DAVID LIVINGSTONE SMITH
The author of 'Why We Lie' on Homo mendax and the culture of deceit
Martha: "Truth and illusion, George; you don't know the difference."
George: "No, but we must carry on as though we did."
-Edward Albee,
Who's Afraid of Virginia Woolf?
In his new book, Why We Lie: The Evolutionary Roots of Deception and the Unconscious Mind, philosopher and evolutionary psychologist David Livingstone Smith charts a universe that is ambiguous, unstable, duplicitous, and downright deceitful. It's as if every move we made were, on some level, false, "redeemed" only by what we might reveal, poker-style, by way of a "tell." In Smith's view, human individuals are essentially divided against themselves for our social and physical survival. Whereas Sissela Bok's groundbreaking 1978 ethical study, Lying, examined the unstable parameters of truth and lies within a framework of moral choice, Smith says that much of this behavior is beyond our conscious control. Physical - hence genetic - survival lies at the root of the human capacity for deceit and self-deception. Smith is concerned with the mental apparatus of deception and self-deception as it has evolved in homo sapiens, how it operates across a social dynamic, and how it seems to have broken down as the size and complexity of human societies have outstripped its capacity for correction.
In the political season of 2004, it might be the question of the moment: When did homo sapiens - literally, "wise men" - become, collectively, "wise guys"? Following a Skeptic Society lecture at CalTech, Dr. Smith took a few moments to crack wise with CityBeat.
CityBeat: You say that "It was probably only after spoken language arrived that humans became able to lie to themselves." Yet, if other primates and infants can engage in deceptive behaviors, isn't it likely that they can also lie to themselves?
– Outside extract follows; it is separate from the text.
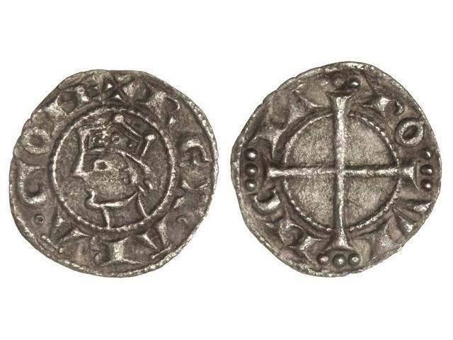 Diner. ALFONS I. COMTAT DE PROVENÇA. Anv.: REX¶ARA¶GONE. Efigie coronada a izquieda. Rev.: PO-VI-NC-IA. Cruz pasante con tres puntos en los extremos. Cru.VS-170. MBC+.

David Livingstone Smith: Think about a non-human species, say, two cats in a fight. Before they fight, they puff themselves up and make their fur stand on end so they look bigger and more formidable. Well - do they believe themselves to be bigger when they do that? It's difficult to say. But certainly with the evolution of language it becomes possible for us to misrepresent ourselves to ourselves. It's hard for me to conceive of self-deception without language, although I would concede that it's possible. But with language, it's a slam-dunk.
Is what we call "consciousness" - that thin veneer of largely unconscious mental operations - simply equivalent to behavior?
No, there's a distinction. Imagine a robot that's a perfect simulacrum of you. Now, whether or not that robot that looks and behaves just like you, does it also have the same sort of experiences you do? No. So you can't reduce consciousness to behavior. Consciousness is a convenient way of representing ourselves to ourselves. What we present to ourselves does not have any guarantee of its truth whatsoever. We write novels about ourselves in consciousness.
So it's a fiction?
To a great extent, yes. Let's call it historical fiction. There has to be a significant amount of fact or else we'd be completely off the wall all the time. But that element of fact is highly embellished by our self-serving biases and wishful thinking and so forth. Back in the 1950s, the social psychologist Solomon Asch conducted some classic experiments demonstrating that social pressures run so deep that they can actually alter our perceptions.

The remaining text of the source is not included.